→ **Work instructions**
Leave out the pictures and set down the rest of the listing below word for word.

→ **Record excerpts**
# # # # #
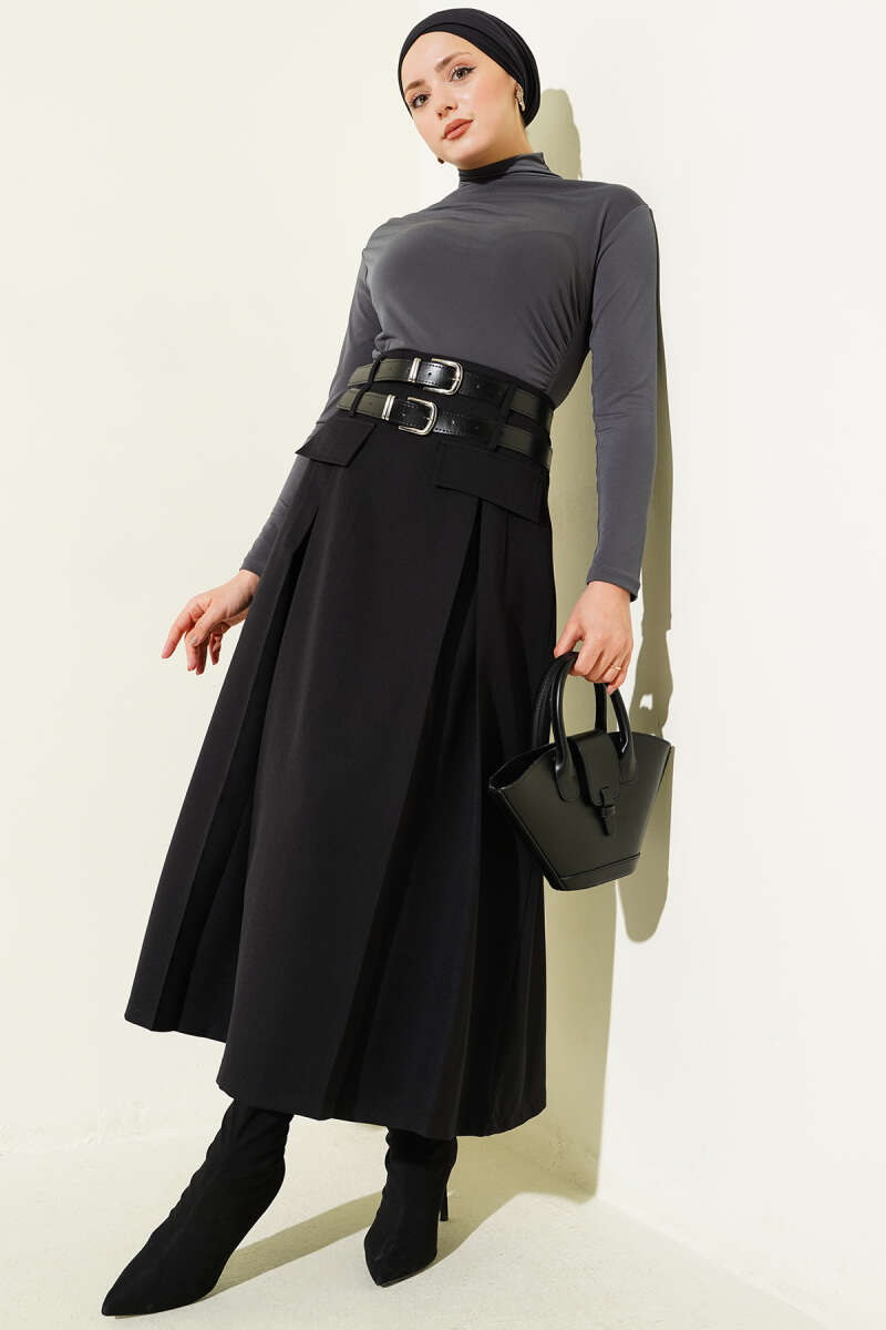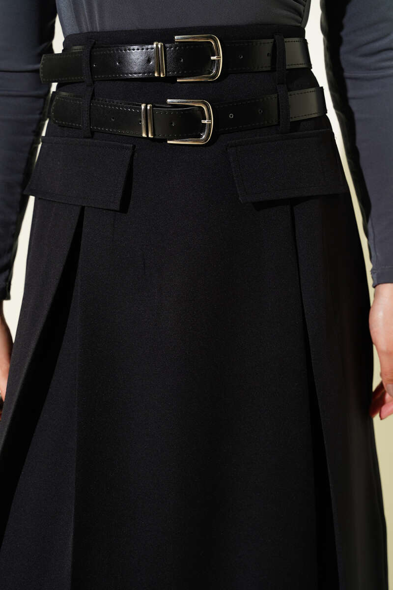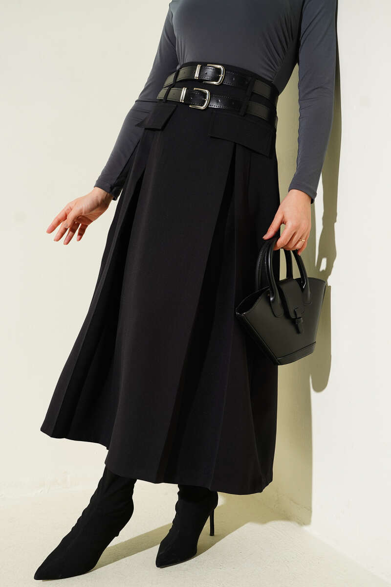 Piliseli Yan Kemer Detaylı Etek Siyah
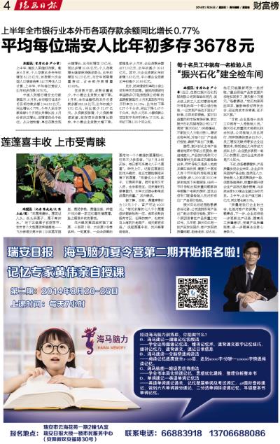 平均每位瑞安人比年初多存3678元
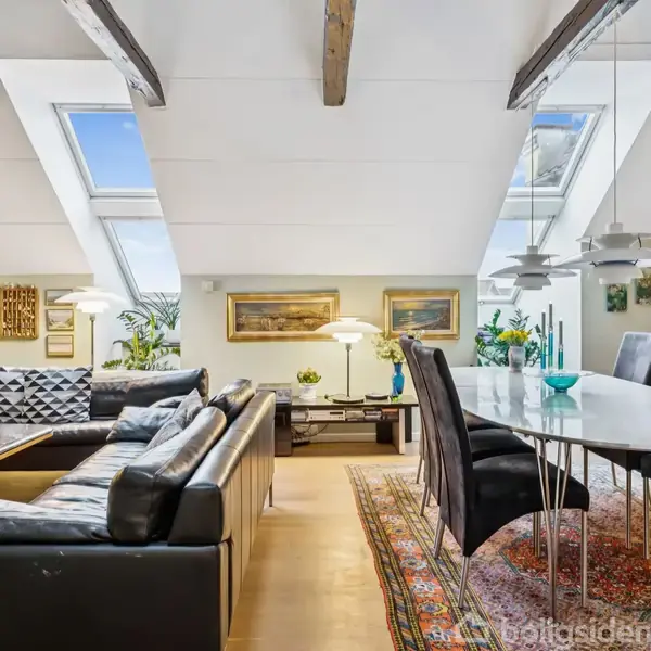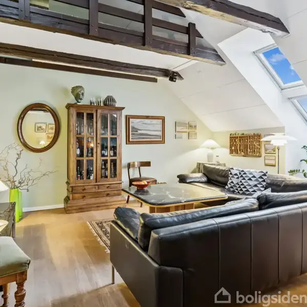 Totalt restaureret ejerlejlighed i byejendom med ialt 4 stk. ejerlejligheder. Bygningen er pudset og gulmalet, der er vingetegltag og tagpap på saddeltage. Velfungerende ejerforening med god økonomi. Her er tale om en virkelig charmerende ejerlejlighed, der er gennemgribende restaureret i flot stil. Der er stue med loft til kip med synlige hanebånd og hems, der er åben forbindelse til nyere lækkert køkken med udgang til ny syd-vestvendt og helt ugeneret altan på 16 kvm. Der er gulvvarme i stue og køkken. Ellers er lejligheden indrettet med god entre, mellemgang, stort soveværelse med mange skabe, lækkert badeværelse med bruseniche og plads til vaskemaskine og tørretumbler, stort lyst værelse, som let kan opdeles i 2 rum. Der forefindes virkelig fint og stort loftsrum med gangbro og indrettede hylder m.m. til oplagring. Fjernvarme, som fordeles af fa. Palle Mørch. God trappeopgang, som renholdes på skift af brugerne. Fælles gård med fælles cykelskur
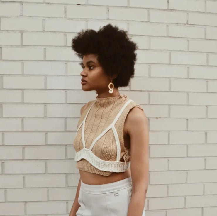 Bespoke handknit over-bra, to add an edge to your favourite outfit . Made of 100% cotton yarn.
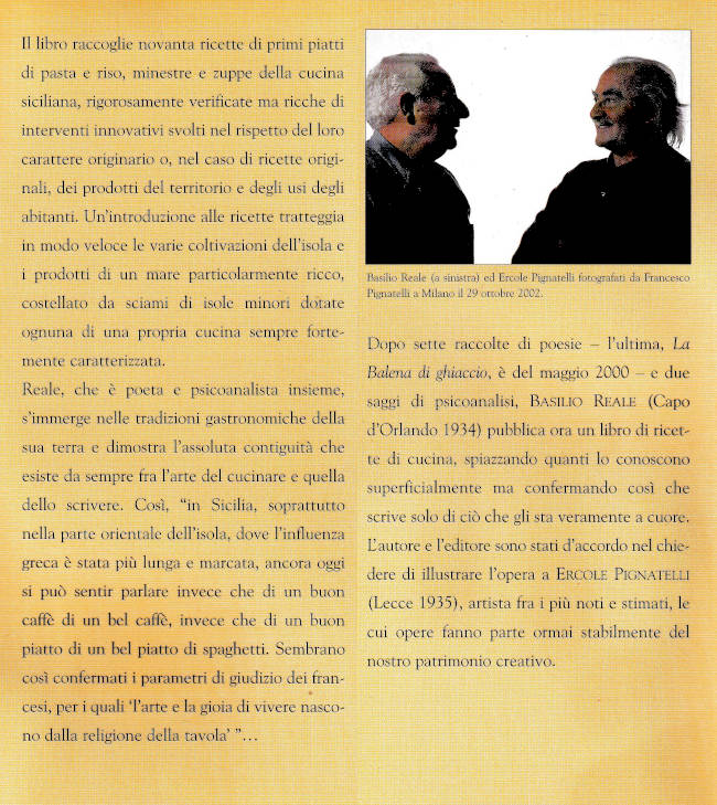 | Titolo completo | La cucina disattenta : i primi piatti della cucina siciliana fra tradizione e creatività spontanea / Basilioi Reale ; con 12 tavole a colori di Ercole Pignatelli |
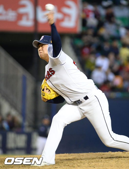 8회초 두산 함덕주가 힘차게 공을 뿌리고 있다.
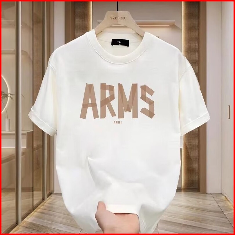 2025 Musim Panas Baru Kaos Lengan Pendek Pria Merek Trendy Fashion Longgar Santai Kaos Cetak Hitam
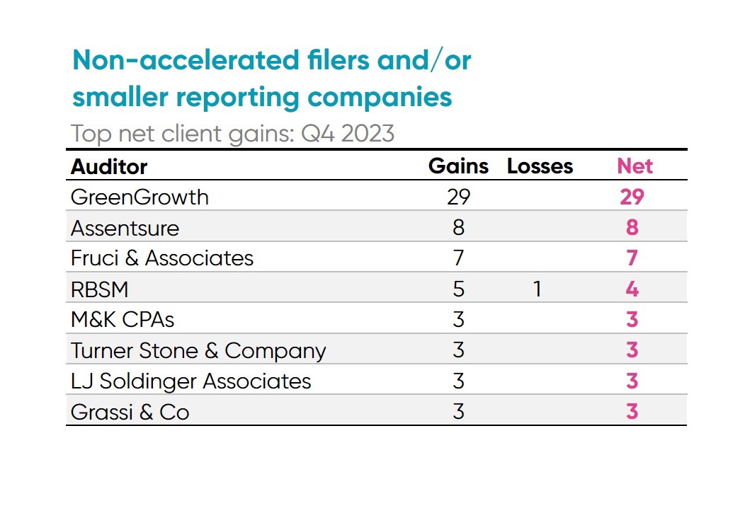 - GreenGrowth dominated the non-accelerated filer and smaller reporting company market with 29 new clients, largely gained as a result of their previously mentioned mergers.
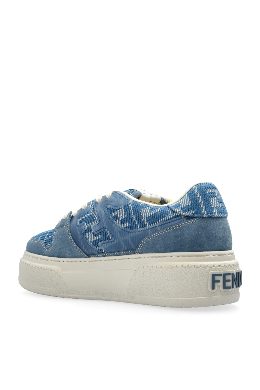 Верх изготовлен из денимоподобного материала с изысканными замшевыми вставками, создающими текстурную глубину и подчёркивающими престиж образа. Контрастные белые шнурки и крупная надпись FENDI на пятке добавляют современный акцент, а логотип на язычке завершают фирменный стиль.
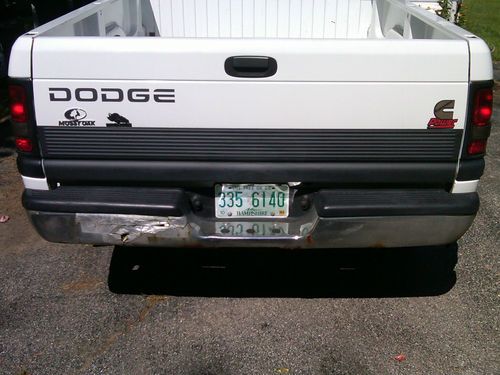 PLEASE READ ALL BEFORE YOU BID!!!UP FOR BID IS A 1996 DODGE RAM 2500 2 WHEEL DRIVE (2WD)WITH THE 5.9 12 VALVE CUMMINS TURBO DIESEL GVWR 8800LBS . TRUCK HAS 108,900 MILES ON IT. TRUCK IS STOCK, 8 FT BED RUNS GREAT HAS POWER WIDOWS CRUISE CASSETTE AM/FM REAR SLIDER LARGE STORAGE ARM REST PRETTY CLEAN INTERRIOR HAS SOME MINOR STAINS ON FLOOR SEATS AND DASH ARE CLEAN DASH HAS ACOUPLE VERY MINOR CRACKS.ITS HAS TWO FITH WHEEL BRACKETS IN BED BRACKETS ONLY. EXTERIOR NEEDS PAINT TOUCH UP AND HAS COUPLE VERY EASY RUST SPOTS IN PHOTOS. THE FRAME HAS A SPOT THAT NEEDS A VERY EASY SMALL PATCH ABOUT 8"IN PHOTOSMOST SPOTS ON BED A COUPLE VERY SMALL IN THE BED. DONT LET THAT SCARE YOU ITS REALLY A PRETTY MINOR REPAIR, IF YOUR HANDY YOU CAN DO IT YOUR SELF. TRUCK HAS NEW ALTINATOR TWO NEW BATTERIES AND NEW FUEL PUMP AND NEW FUEL LINES/FILTER ($900).TIRES ARE 80% TREAD LIFE LEFT.IT HAS CURRENT STICKER BUT WILL NEED THE RUST REPAIRED. COULD USE A NEW REAR BUMPER AND A ALIGHNMENT.TRUCK SHIFTS GOOD AND RUNS GOOD OTHER THAN THE FEW RUST SPOTS THIS IS A REALLY GOOD CUMMINS WITH LOW MILES.PLEASE DO NOT BID UNLESS YOU HAVE THE MONEY TO BUY THIS TRUCK I AM NOT A DEALER AND THE TRUCK IS ASIS AS I CAN NOT GIVE A WARRANTY. BUYER IS RESPONSABLE FOR ALL PICK UP/SHIPPING ARANGMENTS. $500 DEPOSIT NON REFUNDABLE THROUGHT PAYPAL ONLY!!!(KEEPS THE TIRE KICKERS AWAY SORRY) ,WITHIN 24 HOURS AFTER AUCTION ENDS!!!!! NO EXCEPTIONS!! THE REST OF THE PAYMENT NEEDS TO BE MADE WITHIN 7 DAYS CERTIFIED BANK CHECK ONLY!!! TRUCK WILL NOT MOVE UNTIL PAYMENT IS CLEARED!!!AND TRUCK NEEDS TO BE PICKED UP WITHIN 30 DAYS AFTER PAYMENT IS MADE IN FULL!!! THIS TRUCK WILL BE DRIVEN UNTIL SOLD SO MILAGE WILL BE SLIGHTLY DIFFERNT THAT STATED NOTTHING CRAZY.IM SELLING THIS TRUCK SO I CAN BUY MY FIRST PEICE OF LAND. IF YOU HAVE ANY QUESTIONS PLEASE ASK BEFORE YOU BID! IF YOU BID AND YOU WIN YOU OWN THE TRUCK AND WILL BE RESPONSABLE FOR PAYING 100% OF THE SELLING PRICE.
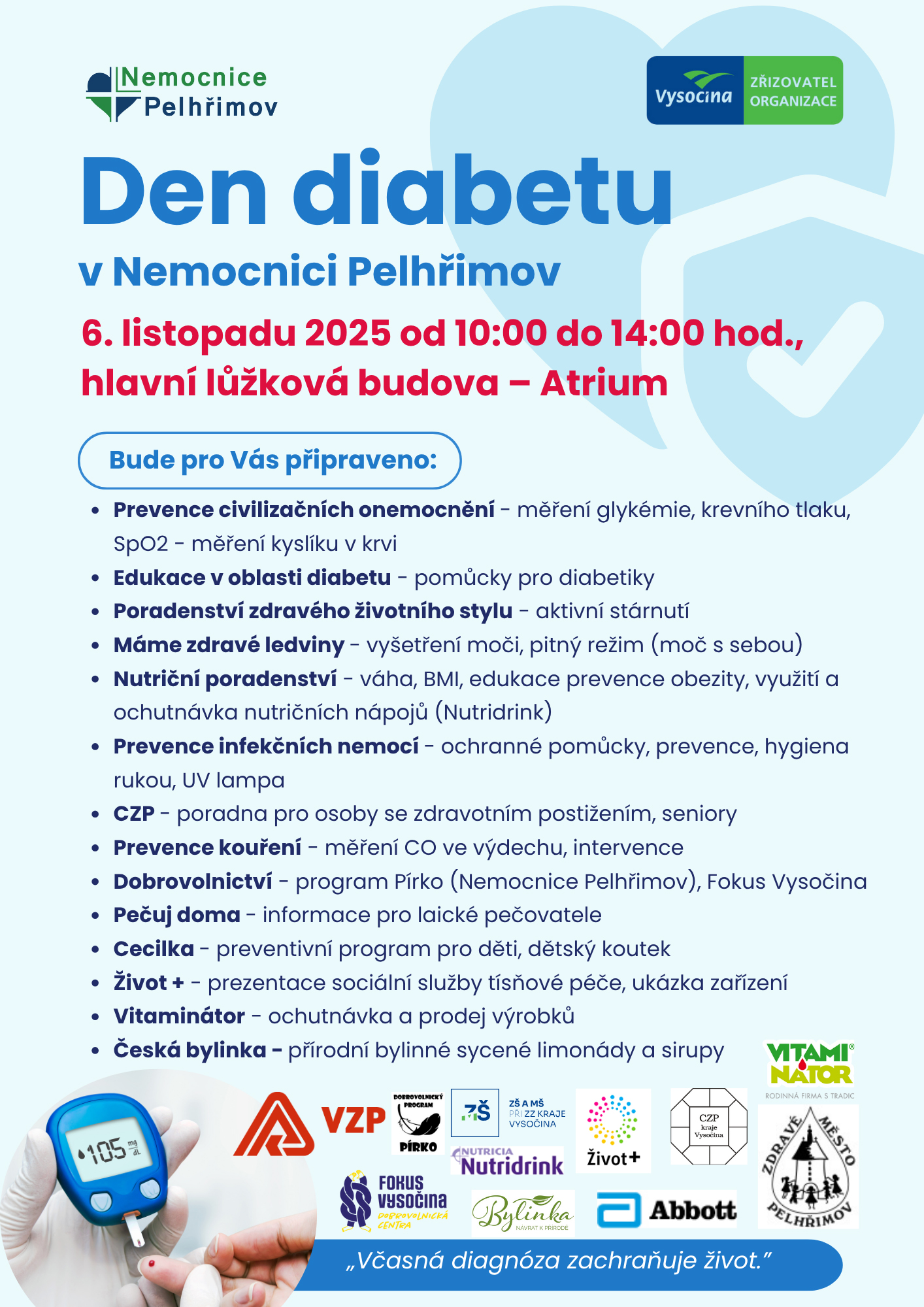 Nemocnice Pelhřimov ve spolupráci se Zdravým městem Pelhřimov zve veřejnost na Den diabetu, akci zaměřenou na důležitost prevence diabetu a civilizačních onemocnění. Uskuteční se ve čtvrtek 6. listopadu v Atriu hlavní lůžkové budovy od 10 do 14 hodin.
# # # # #
→ **Expected answer**
 Piliseli Yan Kemer Detaylı Etek Siyah
 平均每位瑞安人比年初多存3678元
 Totalt restaureret ejerlejlighed i byejendom med ialt 4 stk. ejerlejligheder. Bygningen er pudset og gulmalet, der er vingetegltag og tagpap på saddeltage. Velfungerende ejerforening med god økonomi. Her er tale om en virkelig charmerende ejerlejlighed, der er gennemgribende restaureret i flot stil. Der er stue med loft til kip med synlige hanebånd og hems, der er åben forbindelse til nyere lækkert køkken med udgang til ny syd-vestvendt og helt ugeneret altan på 16 kvm. Der er gulvvarme i stue og køkken. Ellers er lejligheden indrettet med god entre, mellemgang, stort soveværelse med mange skabe, lækkert badeværelse med bruseniche og plads til vaskemaskine og tørretumbler, stort lyst værelse, som let kan opdeles i 2 rum. Der forefindes virkelig fint og stort loftsrum med gangbro og indrettede hylder m.m. til oplagring. Fjernvarme, som fordeles af fa. Palle Mørch. God trappeopgang, som renholdes på skift af brugerne. Fælles gård med fælles cykelskur
 Bespoke handknit over-bra, to add an edge to your favourite outfit . Made of 100% cotton yarn.
 | Titolo completo | La cucina disattenta : i primi piatti della cucina siciliana fra tradizione e creatività spontanea / Basilioi Reale ; con 12 tavole a colori di Ercole Pignatelli |
 8회초 두산 함덕주가 힘차게 공을 뿌리고 있다.
 2025 Musim Panas Baru Kaos Lengan Pendek Pria Merek Trendy Fashion Longgar Santai Kaos Cetak Hitam
 - GreenGrowth dominated the non-accelerated filer and smaller reporting company market with 29 new clients, largely gained as a result of their previously mentioned mergers.
 Верх изготовлен из денимоподобного материала с изысканными замшевыми вставками, создающими текстурную глубину и подчёркивающими престиж образа. Контрастные белые шнурки и крупная надпись FENDI на пятке добавляют современный акцент, а логотип на язычке завершают фирменный стиль.
 PLEASE READ ALL BEFORE YOU BID!!!UP FOR BID IS A 1996 DODGE RAM 2500 2 WHEEL DRIVE (2WD)WITH THE 5.9 12 VALVE CUMMINS TURBO DIESEL GVWR 8800LBS . TRUCK HAS 108,900 MILES ON IT. TRUCK IS STOCK, 8 FT BED RUNS GREAT HAS POWER WIDOWS CRUISE CASSETTE AM/FM REAR SLIDER LARGE STORAGE ARM REST PRETTY CLEAN INTERRIOR HAS SOME MINOR STAINS ON FLOOR SEATS AND DASH ARE CLEAN DASH HAS ACOUPLE VERY MINOR CRACKS.ITS HAS TWO FITH WHEEL BRACKETS IN BED BRACKETS ONLY. EXTERIOR NEEDS PAINT TOUCH UP AND HAS COUPLE VERY EASY RUST SPOTS IN PHOTOS. THE FRAME HAS A SPOT THAT NEEDS A VERY EASY SMALL PATCH ABOUT 8"IN PHOTOSMOST SPOTS ON BED A COUPLE VERY SMALL IN THE BED. DONT LET THAT SCARE YOU ITS REALLY A PRETTY MINOR REPAIR, IF YOUR HANDY YOU CAN DO IT YOUR SELF. TRUCK HAS NEW ALTINATOR TWO NEW BATTERIES AND NEW FUEL PUMP AND NEW FUEL LINES/FILTER ($900).TIRES ARE 80% TREAD LIFE LEFT.IT HAS CURRENT STICKER BUT WILL NEED THE RUST REPAIRED. COULD USE A NEW REAR BUMPER AND A ALIGHNMENT.TRUCK SHIFTS GOOD AND RUNS GOOD OTHER THAN THE FEW RUST SPOTS THIS IS A REALLY GOOD CUMMINS WITH LOW MILES.PLEASE DO NOT BID UNLESS YOU HAVE THE MONEY TO BUY THIS TRUCK I AM NOT A DEALER AND THE TRUCK IS ASIS AS I CAN NOT GIVE A WARRANTY. BUYER IS RESPONSABLE FOR ALL PICK UP/SHIPPING ARANGMENTS. $500 DEPOSIT NON REFUNDABLE THROUGHT PAYPAL ONLY!!!(KEEPS THE TIRE KICKERS AWAY SORRY) ,WITHIN 24 HOURS AFTER AUCTION ENDS!!!!! NO EXCEPTIONS!! THE REST OF THE PAYMENT NEEDS TO BE MADE WITHIN 7 DAYS CERTIFIED BANK CHECK ONLY!!! TRUCK WILL NOT MOVE UNTIL PAYMENT IS CLEARED!!!AND TRUCK NEEDS TO BE PICKED UP WITHIN 30 DAYS AFTER PAYMENT IS MADE IN FULL!!! THIS TRUCK WILL BE DRIVEN UNTIL SOLD SO MILAGE WILL BE SLIGHTLY DIFFERNT THAT STATED NOTTHING CRAZY.IM SELLING THIS TRUCK SO I CAN BUY MY FIRST PEICE OF LAND. IF YOU HAVE ANY QUESTIONS PLEASE ASK BEFORE YOU BID! IF YOU BID AND YOU WIN YOU OWN THE TRUCK AND WILL BE RESPONSABLE FOR PAYING 100% OF THE SELLING PRICE.
 Nemocnice Pelhřimov ve spolupráci se Zdravým městem Pelhřimov zve veřejnost na Den diabetu, akci zaměřenou na důležitost prevence diabetu a civilizačních onemocnění. Uskuteční se ve čtvrtek 6. listopadu v Atriu hlavní lůžkové budovy od 10 do 14 hodin.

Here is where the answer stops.